目の前で次々とポーズを取り続ける親分さんを他所に、スフィルがそっと耳打ちしてくる。
「ね、どーするのこれ?」
「そうだねー……。まあ、他のエクソシストのやり方が見れるいい機会と思って、見学させてもらおうかな」
「……参考になる気がしないんだけどなぁ」
2人でこそこそと話していると、それが目に付いたのか、ポーズを取るのをやめて声を掛けてきた。
「ぬ、どうかしたのか?」
「いえ……すごい筋肉だなぁと思いまして」
「うわははは。
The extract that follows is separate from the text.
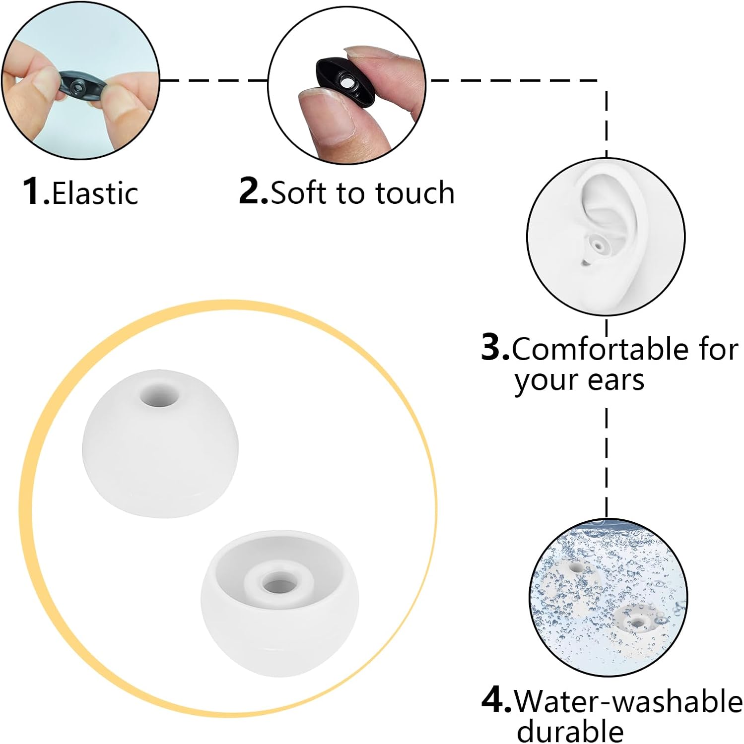 - 2.Earbud covers material:Soft silicone material, reusable and durable, elastic, soft to touch and comfortable for your ears.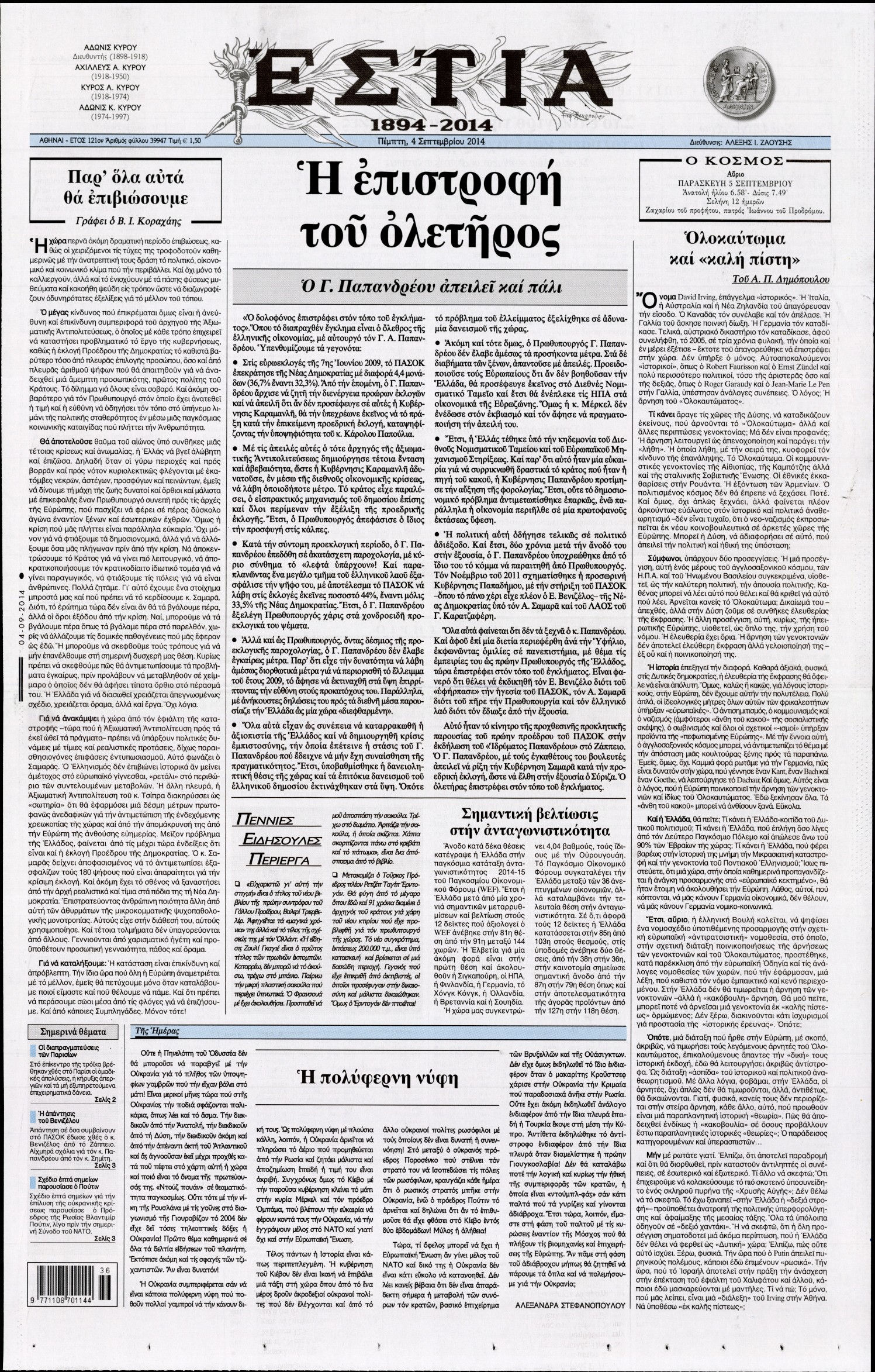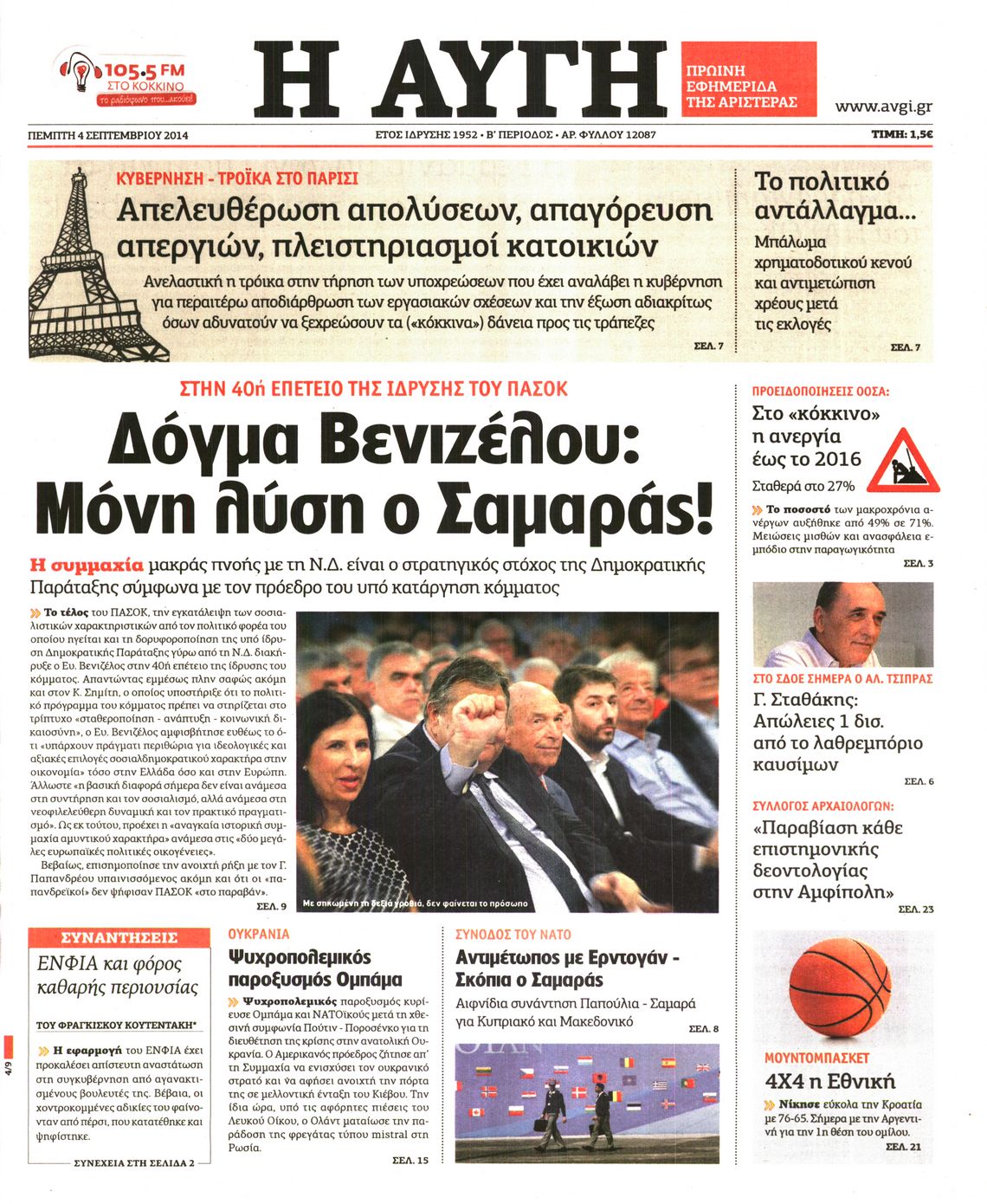 Πέμπτη 4 Σεπτεμβρίου 2014

そうであろう、そうであろう」
なにやら上機嫌で再びポーズを取る親分さん。
今度は両腕を上に曲げて力こぶ作っている。
「あの、行かないんですか?」
ポーズを取るばかりでいつまで経っても動かないので、声を掛けてみる。
「おぉ、忘れておった。
ではお主ら、しっかりと目に焼き付けておけよ。このラットスハーン様の活躍をっ!」
そう咆えると、ノックをするどころではなく、蹴破る勢いで扉を開けると、文字通り突撃して行ってしまった。
あまりのやり方にその場で思考停止する私。
咄嗟に浮かんだのは、扉大丈夫かな、という的外れな物だった。
「見つけたぞ、覚悟せい!」
そんな声にはっと我に返った私は、慌てて開けっ放しになっている扉の向こうへと視線を向ける。
扉の向こうはすぐ食卓になっていたようで、部屋の中に大き目のテーブルが1つ見える。
そしてそのテーブルを挟んだ向こう側にたたずむ1体のゴースト。
幸い、中には誰も居なかったようだ。
人が住んでるにしては、部屋の中にテーブル以外の調度品がほぼ全くといっていいほど見当たらないので、ひょっとしたらここは空き家なのかもしれない。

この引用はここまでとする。